PLPipes has a set of plugable backends controlling how data from the database is serialized/deserialized into the different DataFrame implementations.

So far, backends for pandas and geopandas are provided. Others for polars, vaex or dassk will be added as the need arises.

A spark backend is also available for Spark databases.

In any case, note that changing the backend, usually also requires changing the code that uses the dataframes as every library provides its own similar but incompatible API.

Every backend may also accept custom keyword arguments. See Backend specifics bellow.

Picking the backend#

For database write operations (i.e. create_table), plpipes can infer which backend to use just looking at the dataframe object type, so as long as the backend is loaded, plpipes will use the right one automatically.

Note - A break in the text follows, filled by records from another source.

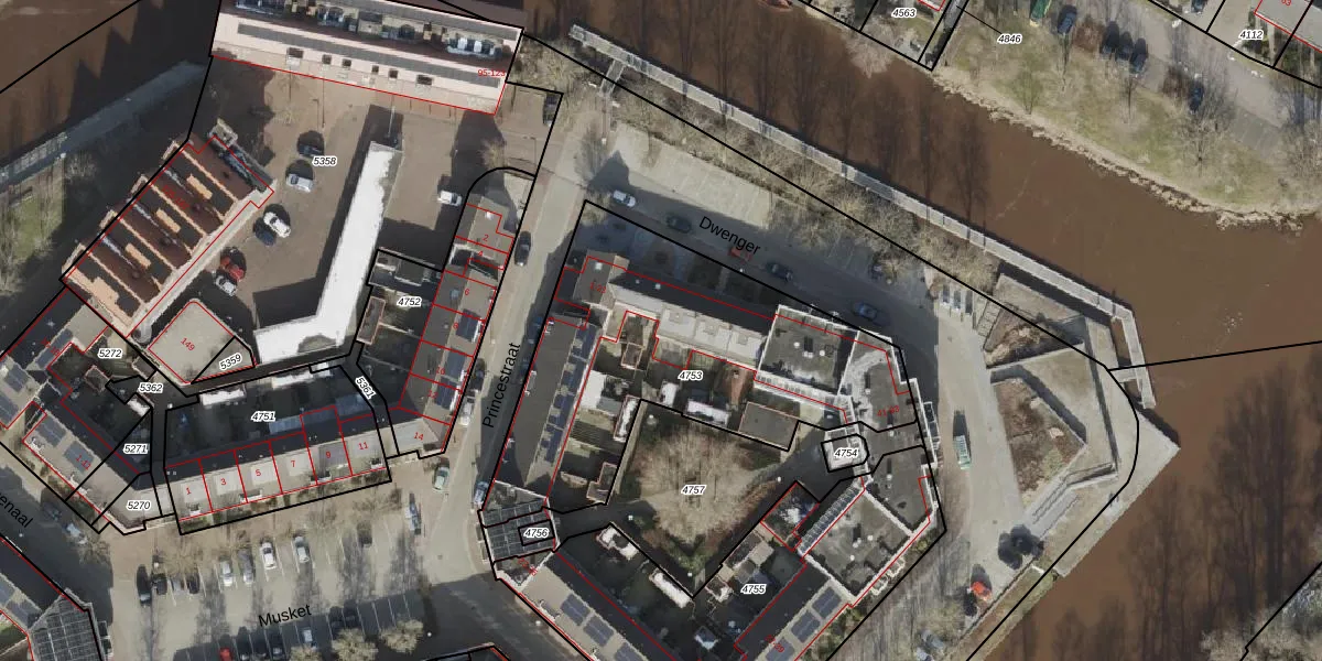 Het perceel waarop Dwenger 89 staat heeft een oppervlakte van 1551 m². Dit is een zeer groot perceel. De perceeloppervlakte wordt geregistreerd door het Kadaster. Gedetailleerde informatie over de maten van dit perceel kunt u vinden in het rapport Kadastrale kaart met maatvoering van Dwenger 89.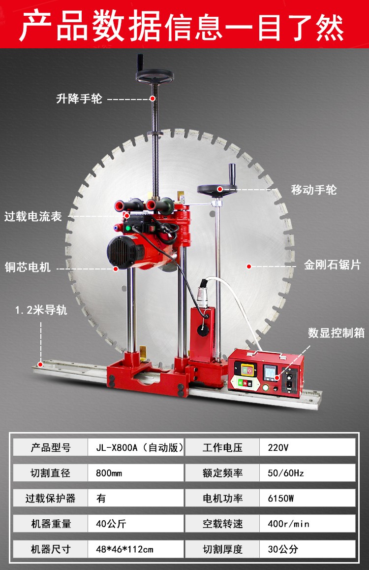 德赢VWIN切墙机工程专业钢筋混凝土墙面墙壁切割机墙锯水锯JL-X800A 800型自动版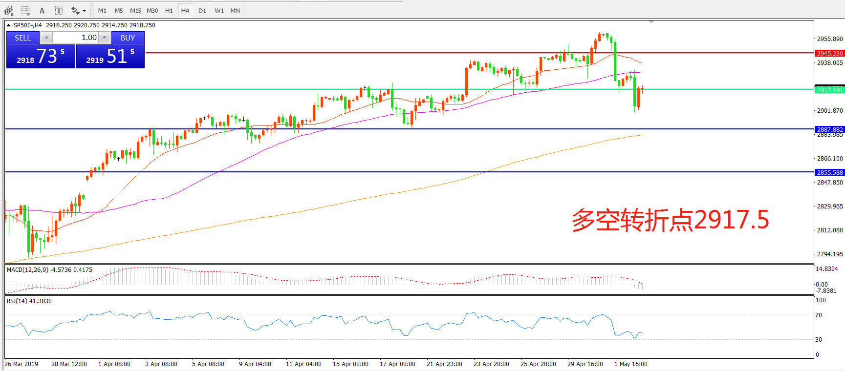 标普500SP5004小时图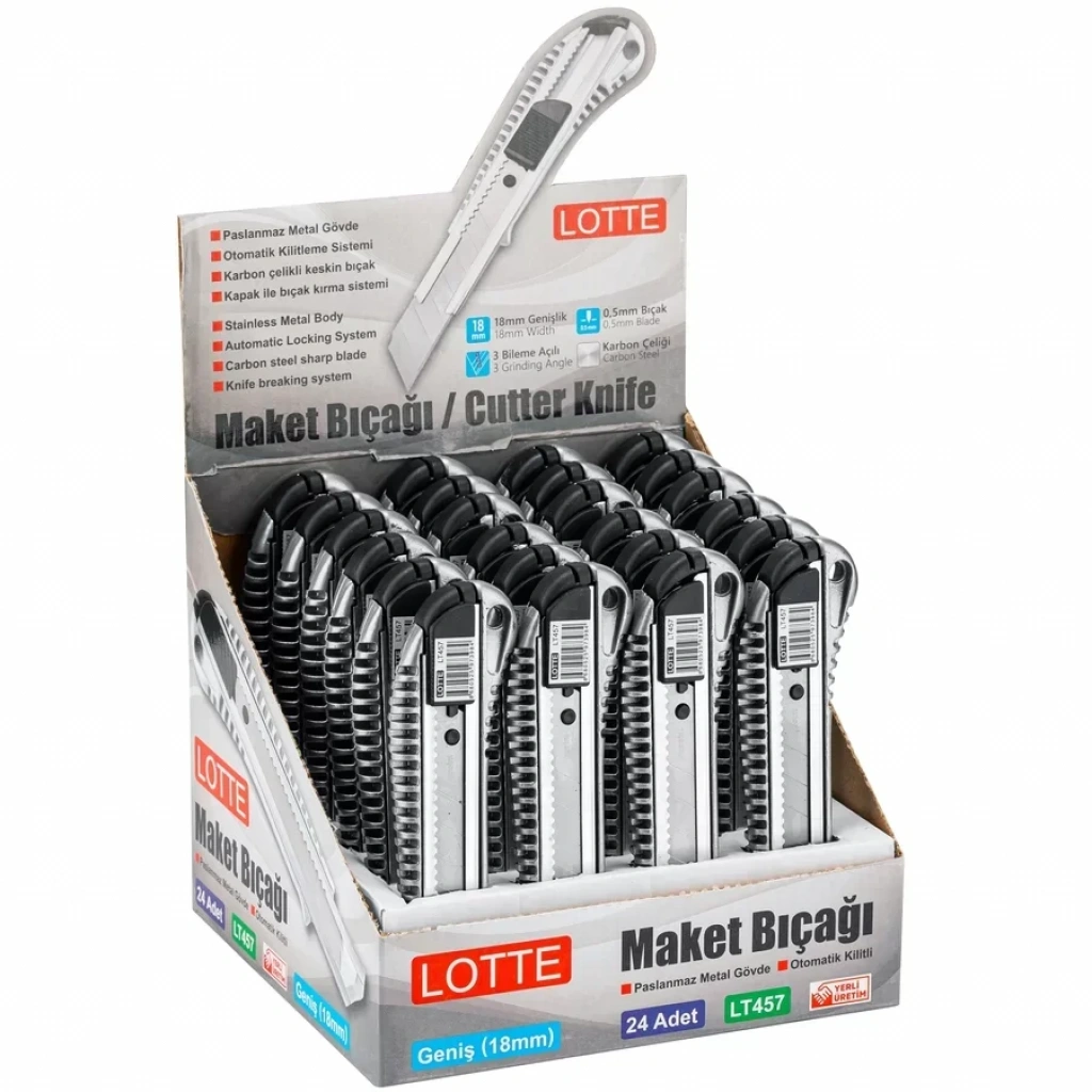 18 mm bıçak ağzı Bıçağı karbon çeliğinden üretilmiştir. Gövdesi dolgulu metalden üretilmiştir. Metal ağızı sayesinde kolay ve güvenli kesim. Körelen bıçağı kademeli kırmak için kapak arkası bıçak kırma sistemi. Kesim anında bıçağı sabitlemek için özel kilit sistemi.

The function plpipes.database.load_backend can be used to load a specific backend into a database driver:

plpipes.database.load_backend("geopandas", db="input")

Currently, under the hood, backends are attached to the driver class. Once a backend is loaded, for instance, for a azure_sql database, every other database using such driver will have the backend available for write operations.

In the case of read operations, there is no way for plpipes to infer the desired backend and so it must be stated explicitly in one of the following ways:

Passing it as an argument in database read functions (i.e. read_table, query, query_chunked and query_group). For instance:
```
df = plpipes.database.query(sql, backend="spark")
```

In the database connection configuration. For instance:

db:
  instance:
    work:
      backend: polars

Every database driver can set its own default. For instance, currently, the spatialite driver sets geopandas as its default backend.

Read operations transparently call load_backend as needed. The default backend is also loaded automatically when the database is initialized.

Backend specifics#

`pandas` backend#

This is the default backend.

`geopandas` backend#

The geopandas backend can handle both geopandas and regular pandas dataframes.

In read operations, the argument geom_col must be used to indicate which column contains the geometric data.

If the argument is ommited, the backend returns a regular pandas dataframe.

Example:

df = db.query("select * from countries", geom_col="geometry")

In order to read geometric data from the database the backend may mangle the query in order to transform the geometric column values into the right format for geopandas.read_postgis method. Specifically, in the case of Spatialite, it wraps the geometric column in the query as Hex(ST_AsBinary(geom_col)).

Alternatively, and in order to avoid such processing, the wkb_geom_col argument can be used instead. In that case, it is the programmer responsability to write a query returning the values in such colum in a format supported by geopandas (wkb stands for Well Known Binary).